Vom Zusammenbruch alter Gewissheiten – und dem Weitergehen auf der Suche nach dem inneren Kompass. 

Von Geburt an wuchs ich mit einem christlich-konservativen Weltbild auf – einem, das Sicherheit versprach, aber auch Angst kannte. Die Bibel wurde mir als einzig gültige Wahrheit vermittelt. Die vollständige Hingabe an Jesus galt als der einzige Weg zur ewigen Herrlichkeit bei Gott, andernfalls blieb nur die ewige Verdammnis in Finsternis. 

Ich lernte früh, diese Lehrmeinung zu meiner eigenen Überzeugung zu machen und als vorbildliches Kind Gottes zu glänzen. Hoffnung und Ansporn waren für mich das nahende Königreich Gottes, die Wiederkunft Jesu und die Entrückung ins Himmelreich. 

Als junger Erwachsener erhielt ich selbst Verantwortung und begann, Kinder in diesem Glauben zu unterweisen. In dieser Zeit fing ich an, einzelne fundamentalistische Lehrmeinungen zu hinterfragen und einen etwas liberaleren Standpunkt einzunehmen. Immer wieder kamen Zweifel an meiner Heilsgewissheit auf. Doch durch persönliche Gespräche oder einschlägige Literatur ließen sich diese Zweifel immer wieder befrieden. So konnte ich viele weitere Jahre als gereifter und überzeugter Christ unterwegs sein. 

Das Leben nahm seinen Lauf und konfrontierte mich mit dicht aufeinanderfolgenden, extremen Herausforderungen. Sie brachten mich zunehmend an den Rand des Schaffbaren. Gerade in dieser Zeit suchte ich besonders intensiv nach Gottes Hilfe und Trost – doch Gott hüllte sich in Schweigen. 

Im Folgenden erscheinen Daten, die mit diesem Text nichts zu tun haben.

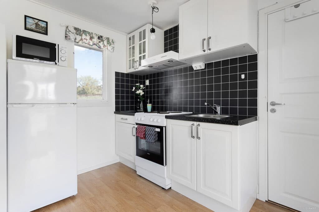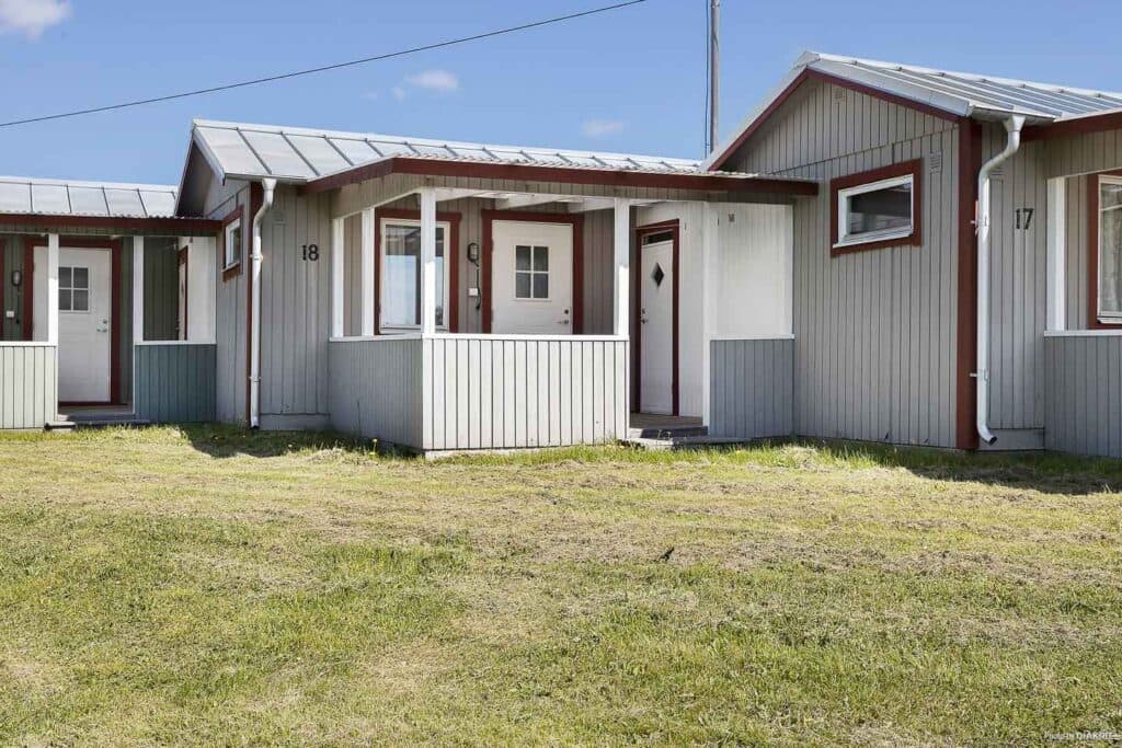 Kleine und gemütliche 4-Bett-Hütte mit allen wichtigen Annehmlichkeiten. Das Häuschen ist in zwei Ausführungen erhältlich. Die Cottages 3, 10, 13, 15, 21, 24, 25 und 26 sind mit einem Etagenbett und einem Schlafsofa ausgestattet. Die restlichen Cottages haben zwei Etagenbetten. Voll ausgestattete Küche mit Kühlschrank und Gefrierschrank, Mikrowelle, Herd mit Backofen und Kaffeemaschine. Badezimmer mit Dusche und Toilette. Überdachte Veranda mit einfachen Gartenmöbeln für angenehme Sommerabende.
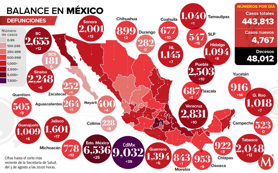 En el país, seis estados han acumulado más de 2 mil defunciones por coronavirus, encabezados por la Ciudad de México y el Estado de México.

Am Ende landete ich in Burnout und Depression. Und ich wusste: Mein Glaube und meine bisherigen Überzeugungen brechen gerade unwiederbringlich zusammen. Ich stürzte in einen schwarzen Abgrund – ohne Halt, ohne Licht, ohne Hoffnung. Es fühlte sich an wie der Tod meiner Seele. 

Alles, was meinem Leben bis dahin Sinn, Ziel und Orientierung gegeben hatte, war auf einen Schlag ausgelöscht. 

Es war für mich unvorstellbar, wie mein Leben weitergehen sollte. Ein weiterer „Reset im Glauben“ war ausgeschlossen. Das hatte ich schon unzählige Male versucht – ohne Erfolg, ohne göttliches Eingreifen. 

Das eigentlich Herausfordernde an dieser Situation war jedoch: Obwohl ich das Gefühl hatte, nicht mehr weiterleben zu können, ging das Leben trotzdem weiter. Der Alltag stellte keine Fragen, sondern machte einfach weiter. 

Ich musste bei Null anfangen. Mit einem leeren weißen Blatt Papier. Es wartete darauf, beschrieben zu werden. 

Das Ungewohnte – und zutiefst Beunruhigende – war, dass ich plötzlich selbst in der Verantwortung stand, dieses Blatt zu füllen. Bis dahin hatten Autoritäten des christlichen Glaubens meinem Leben Sinn, Richtung und Deutung gegeben. Doch diese hatten in meinem Inneren auf einmal ausgedient. 

Vielleicht hast du etwas Ähnliches erlebt. 
Vielleicht stehst du auch vor einem leeren Blatt, ohne Gewissheiten, ohne tragenden Glauben. 

Dann könnte es sein, dass wir Weggefährten sind – auf der Suche nach einem inneren Kompass.